How to use ray, hyperopt with OpenFOAM?

1. Severity of the issue: (select one)
Medium: Significantly affects my productivity but can find a workaround.

2. Environment:

  • Ray version: 2.47
  • Python version: 3.10, 3.12
  • OS: win11 wsl
  • Cloud/Infrastructure: na
  • Other libs/tools (if relevant):

3. What happened vs. what you expected:

  • Expected:

Hi, I’m running ray with hyperopt based on the code from the eg. on ray’s website. My objective is to run OpenFOAM, an open-source CFD numerical solver to obtain highest lift of an airfoil by varying some variables, like its angle of attack AoA. So at each iteration, hyperopt is supposed to suggest an AoA, after which OpenFOAM will run to give its lift. Based on the lift, hyperopt will suggest a new AoA and this will iterate based on the number of iterations. I will like to run with a max_concurrent = 4 to 10, so hyperopt can run in parallel concurrently. At the same time, OpenFOAM can run in parallel and for my case, I would like to run each case with 8 to 16 CPUs. Since my workstation has 64 CPUs, ideally I would like it to run with max_concurrent = 8 and each case or iteration uses 8 CPUs to max things out.

  • Actual:

However, we can only set the max_concurrent value. So if I set it as 8, then does it mean that ray is only using 8 CPUs? I tried running 16 total iterations with OpenFOAM using 1 CPU, and also with OpenFOAM using 4 CPUs per case. max_concurrent both set at 8.
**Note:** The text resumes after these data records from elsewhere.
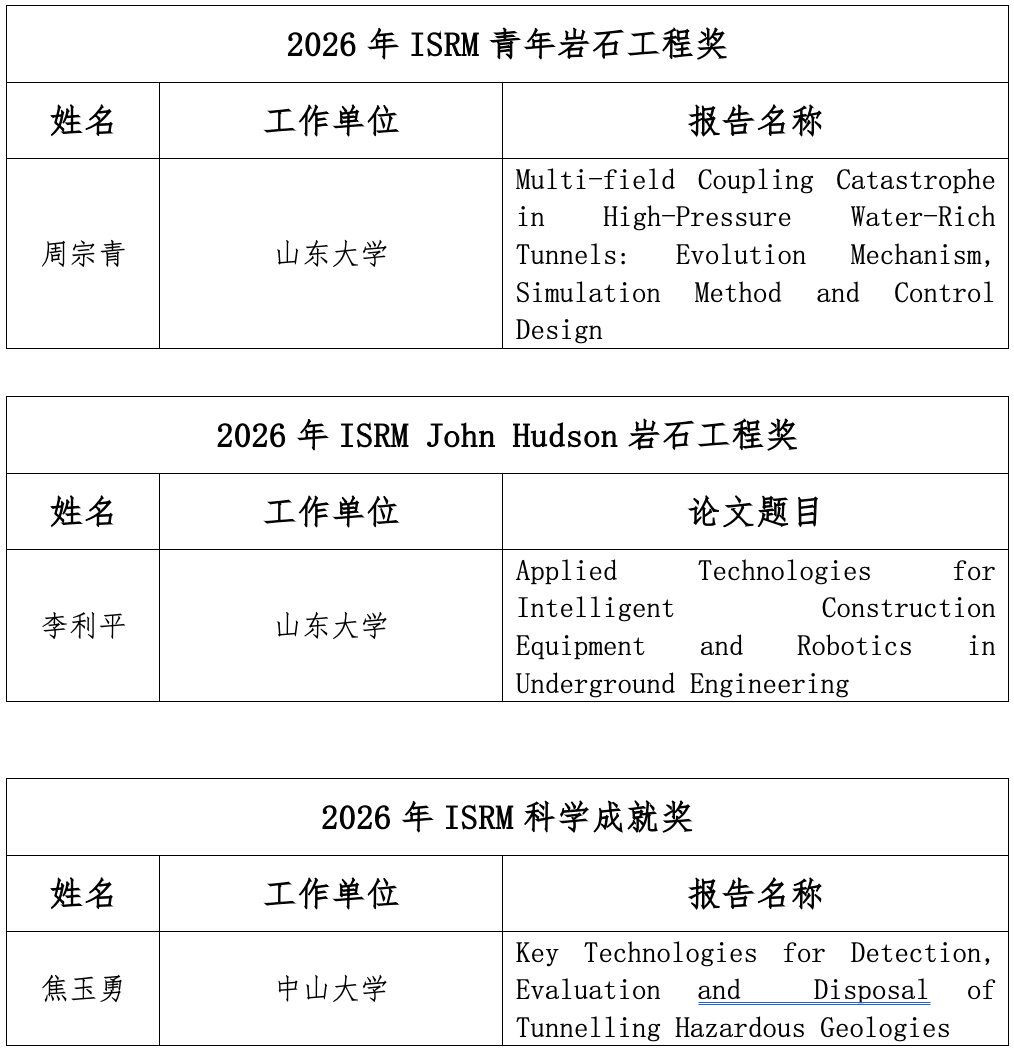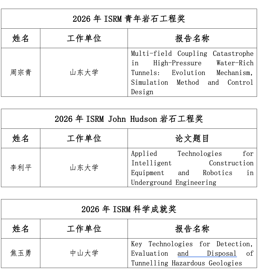 关于2025年度国际岩石力学与岩石工程学会(ISRM)奖项推选名单公示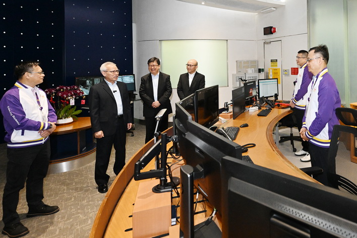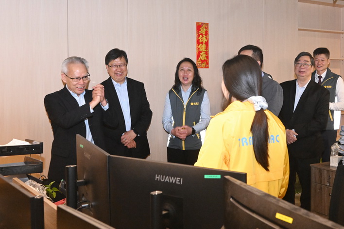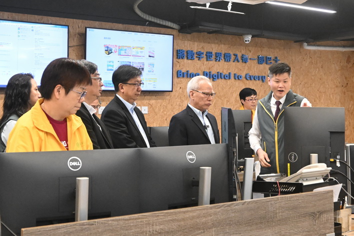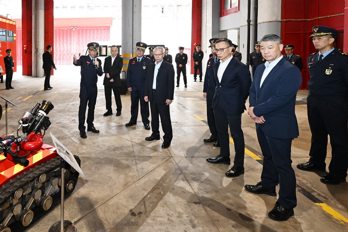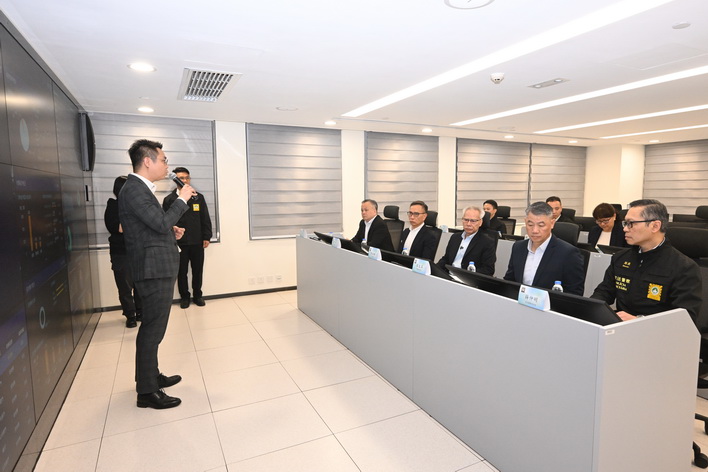 岑浩輝之後再走訪消防局黑沙環行動站,以及司法警察局大樓的網絡安全事故預警及應急中心、反詐騙協調中心。在保安司司長陳子勁、警察總局局長梁文昌、海關關長何浩瀚等陪同下,岑浩輝先後聽取了消防局局長王健和司警局局長薛仲明介紹兩局在節假日期間的工作部署,並了解各項警務和消防設施的運作情況。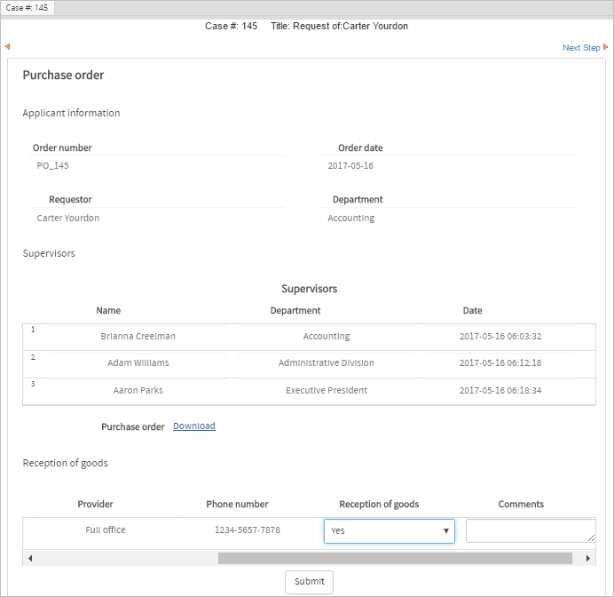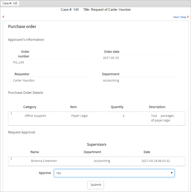 Log in as Brianna and open the case sent by Carter in the task Approve Order. The form that opens displays the information about the request, and the supervisor can approved or reject the request in the yes/no field named "Approve".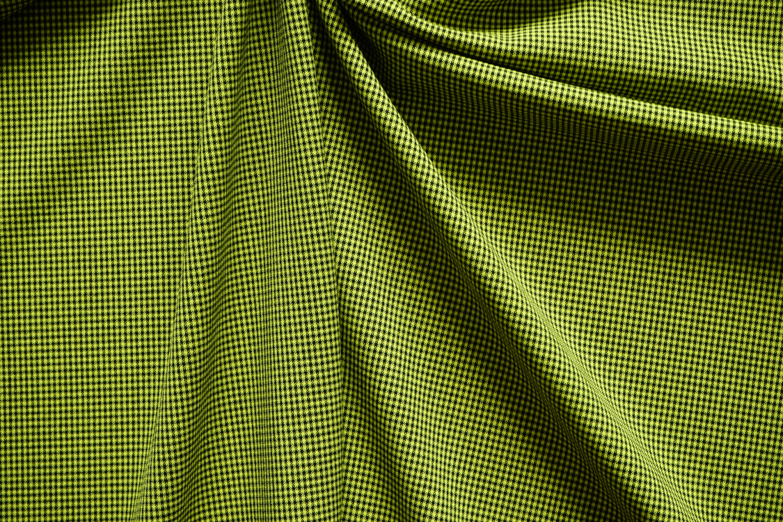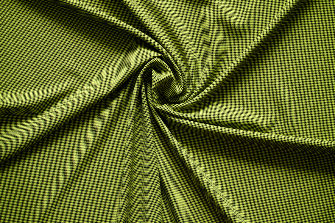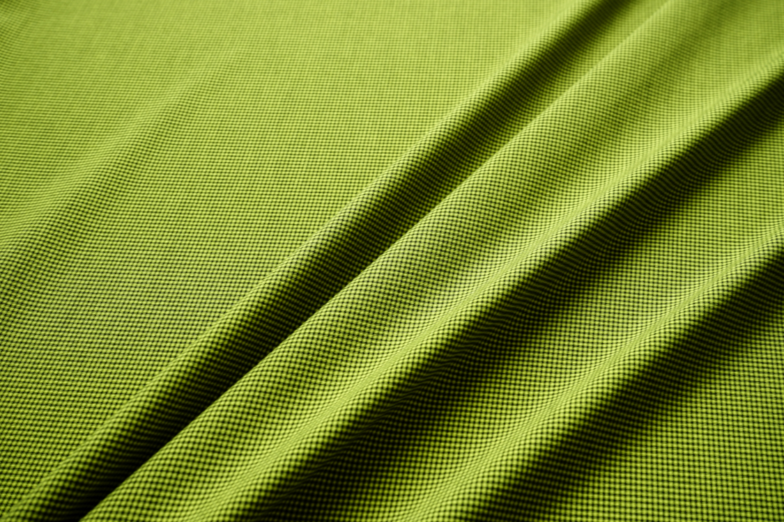 Włoska tkanina o prostym splocie, średniej grubości, elastyczna, ładnie się układa. Bardzo drobna pepitka zielono- czarna. Nadaje się na sukienki, spódnice, kostiumy, żakiety, spodnie. Nie wymaga podszewki.

Result shows that with max_concurrent =4 and 1 CPU, it takes 30mins to run 16 iterations and cases. With max_concurrent = 4 and OpenFOAM running parallel with 4 CPUs for each case, it takes 15mins. Ideally, it should take abt 8 to 9mins, but of course there’s also other overhead. So it seems to be working since there’s time reduction, but I’m not sure if it’s using the correct no. of CPUs (16). CPU load varies avg 16 to 25 and 20 to 50 for 1 and 4 OpenFOAM CPUs cases respectively.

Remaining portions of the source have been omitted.